Beneath the city there are rainwater tributaries that carry rainwater to the L.A. River, Compton Creek and other waterways in the city. Many traffic islands are on top of these tributaries. Alex Kenefick, Rosa Garza-Mourino and I toured islands that are in the portion of the LA Watershed that Alex works with to consider a project on an archipelago along a single tributary. We decided to do this based on a picnic discussion I had with Rosa in Pico-Union and with Alex near downtown. After identifying all the islands and mapping a portion of Los Angeles that Alex is familiar with because of his work with the Los Angeles and San Gabriel Rivers Watershed Council, the three of us met on 11/19 and visited several islands. (Map below by Alex Kenefick.)
The last 2 islands were on Central Avenue in East Central downtown. This area is on the border of the arts district, the warehouse district, Little Tokyo and an area which is often referred to as Skid Row but many who work and live in this area refer to it as the largest recovery community. This area is marked by all kinds of diversity, immediately visible to the eye. We could see the financial district skyline, billboards for a gentlemen’s club, a fish market warehouse, small shops, evening traffic making its way home and people hanging out in front of a rehab program.

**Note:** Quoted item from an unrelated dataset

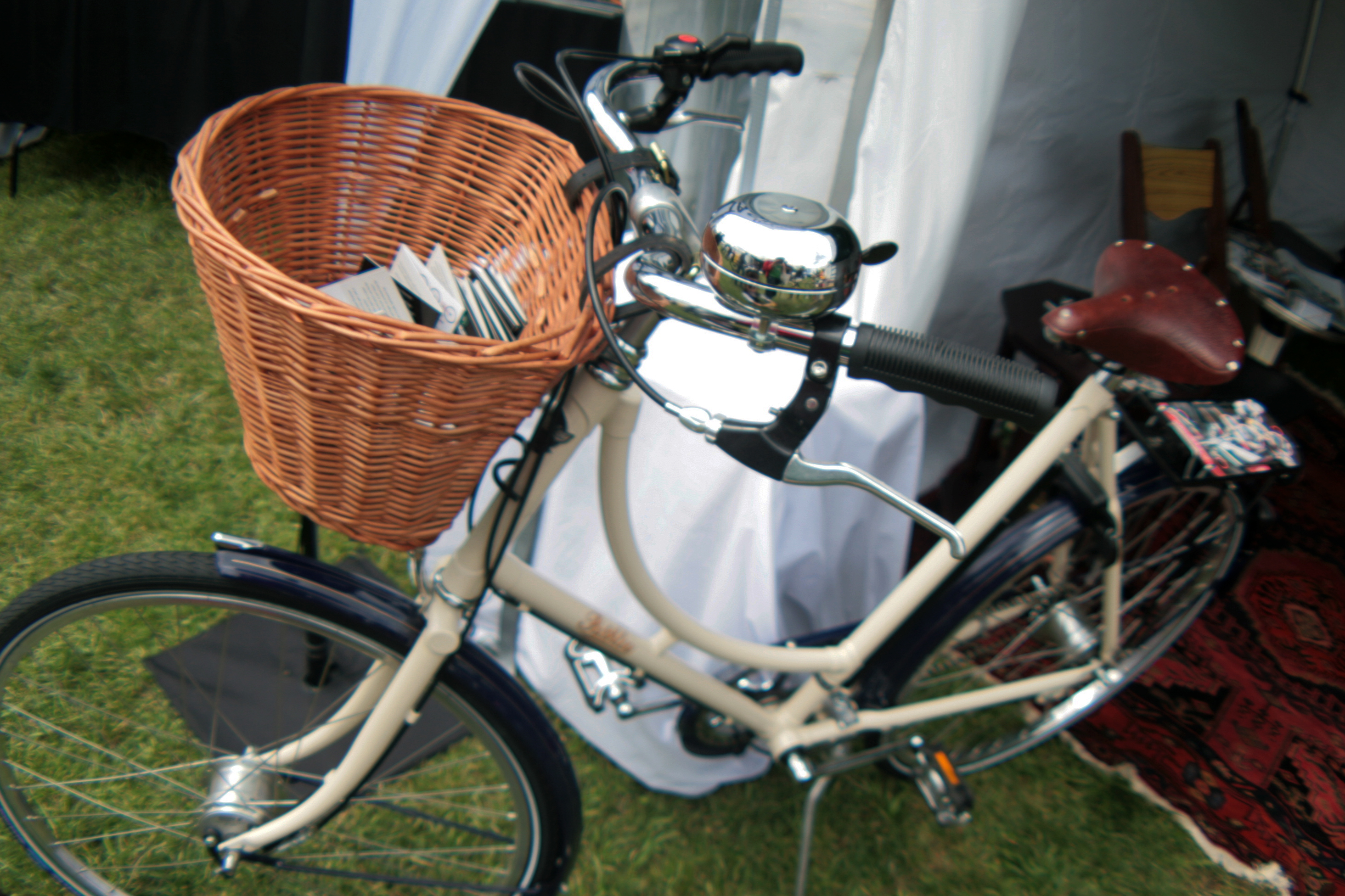 Pashley wicker basket, bell and leather saddle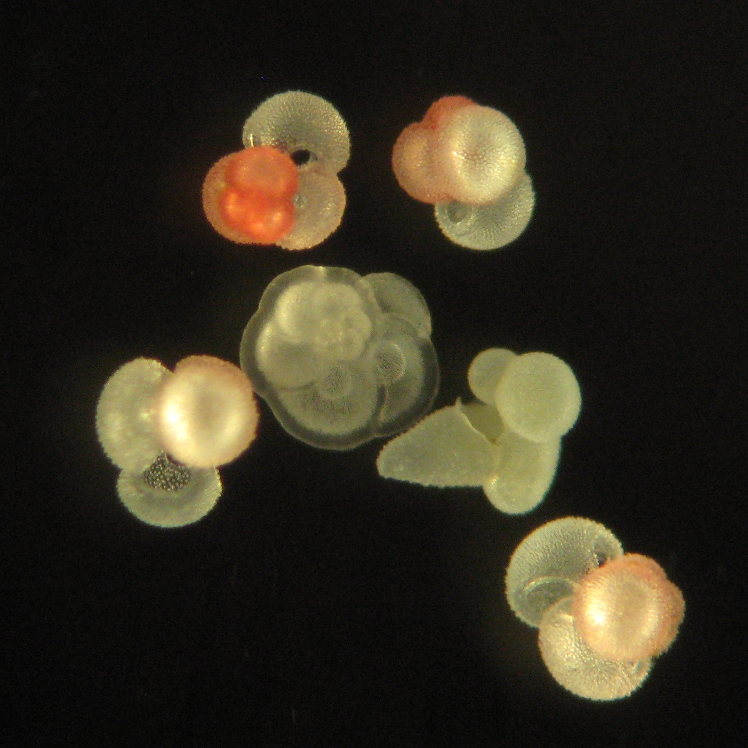 Planktic Foraminifera collected from a sediment-trap moored in the northern Gulf of Mexico, magnified 255x. Top row: Globigerinoides ruber (pink variety) Middle row: Globigerinoides ruber (pink variety), Globorotalia menardii, Globigerina digitata Bottom row: Globigerinoides ruber (pink variety).

While here a security guard named David approached us from across the street. He said he was bored and will be joining the Marines. He invited to give us a tour of the area, which we hope to do in the near future. While there, a few other people smiled or chatted with us.

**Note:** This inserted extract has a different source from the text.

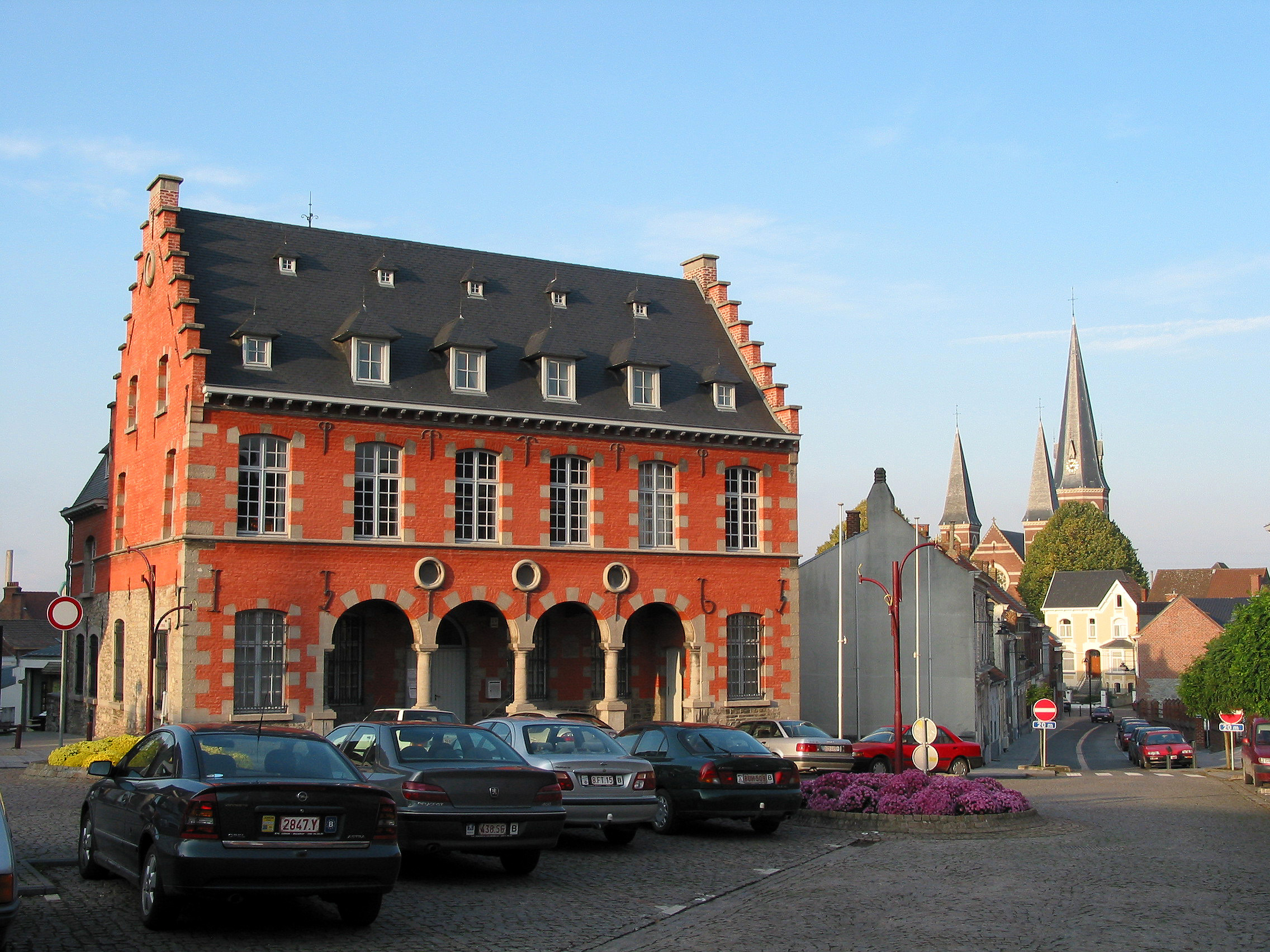 Antoing (Belgium), the town hall (1565).

Earlier in the day we visited an island on 98th and flower and also on Vermont south of Century. The island on 98th is part of a long archipelago that begins at Jess Owens park and intersects the islands along Vermont Blvd. The one we were at was bordered by the 110 freeway to the east, an elementary school to the north and homes on the south. And above was a flight path for LAX. We sat here for awhile, watching as parents came to pick up their kids. Soon after, it was quiet. The street is lined with parked cars and little traffic.
Vermont on the other hand had 2 lanes of quickly moving cars on either side. A group of guys working on an engine while, down the street, a guy sat in front of a small market playing guitar. From this island on Vermont, we could see all the way North, to the San Gabriel Mountains and the Hollywood Sign up in the Hollywood hills.
Update: Alex led a Tetherball game on one of the islands along a tributary in downtown.